At first sight, a Broadway musical dealing with mental illness and bereavement is far from normal. Yet, as director Michael Longhurst points out, many of the greatest musicals cover very dark themes and a song can be more effective than a paragraph of words in exploring the human condition.

Longhurst was chairing a discussion among cast and creatives on the stage of Wyndham’s Theatre in London’s West End, to where his critically acclaimed 2023 production of Next to Normal at the Donmar Warehouse is transferring. The group sat scattered around a nondescript family kitchen, being the solitary set on which all the drama unfolds.

The show’s American composer, Tom Kitt, reflected on the 26-year journey that has brought him here. It all started when he and book writer and lyricist, Brian Yorkey, were challenged to write a 10-minute musical. He cites Stephen Sondheim and Kander and Ebb as his main influences, being writers who are not afraid to delve into serious issues nor to venture through previously unexplored territory. The development of Next to Normal led to an off-Broadway premiere in 2008, transferring to Broadway in 2009, picking up a Tony Award for Best Original Score and a Pulitzer Prize for Drama. Now, Kitt roams daily around London’s theatre district, looking in wonder as he realises that he is becoming part of it all.
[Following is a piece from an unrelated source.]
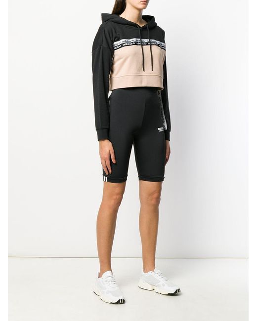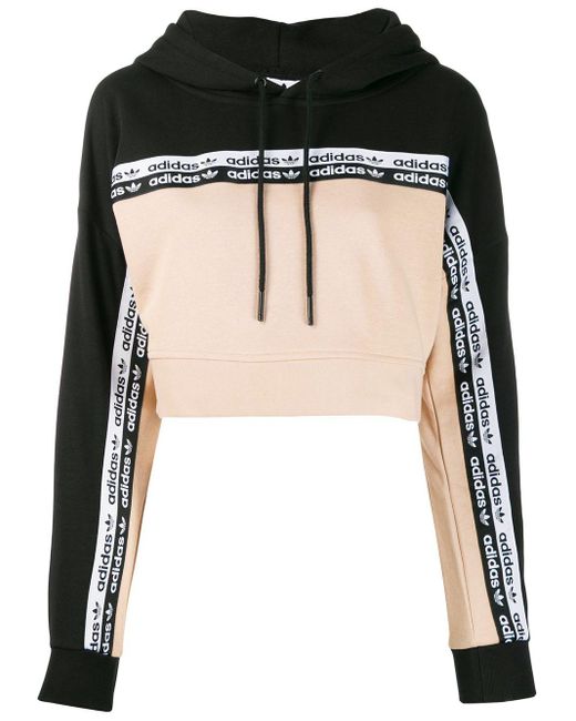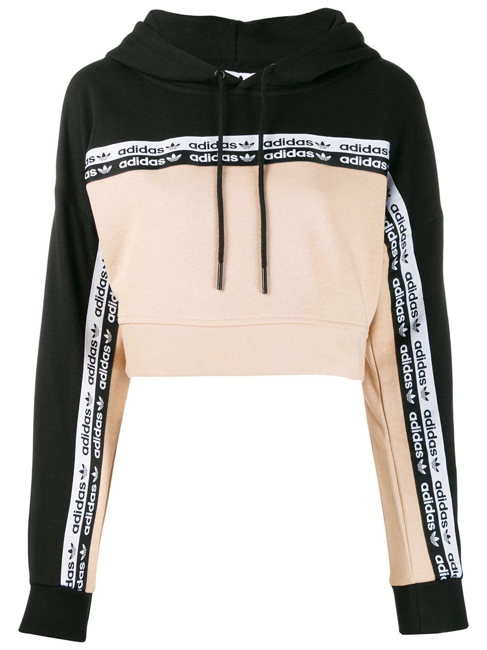 Kapuzenpullover mit Logo-Streifen aus Baumwollgemisch von adidas. Merkmale: Kapuze mit Kordelzug, lange Ärmel, gekürzte Länge und gerippte Abschlüsse. POSITIVELY CONSCIOUS: Dieses Piece besteht aus Materialien, die unseren Planeten weniger belasten. Sieht nicht nur gut aus, sondern ist auch noch gut für die Umwelt. Farbe: schwarz

During the 15 years or so that it has taken for the show to cross the Atlantic, it developed something of a cult status here, fuelled by clips on the internet. One avid fan was actor Jack Wolfe, who had bought tickets for the Donmar Warehouse before auditioning for the key role of Gabe. He got the part and, with it, the show-stopping song, I’m Alive. When reading the script, Longhurst recalls that he kept hearing the voice of American actor Caissie Levy as Diana, the troubled wife and mother. He had directed her in the New York production of Caroline, or Change and, happily, she accepted the role, which she is now reprising.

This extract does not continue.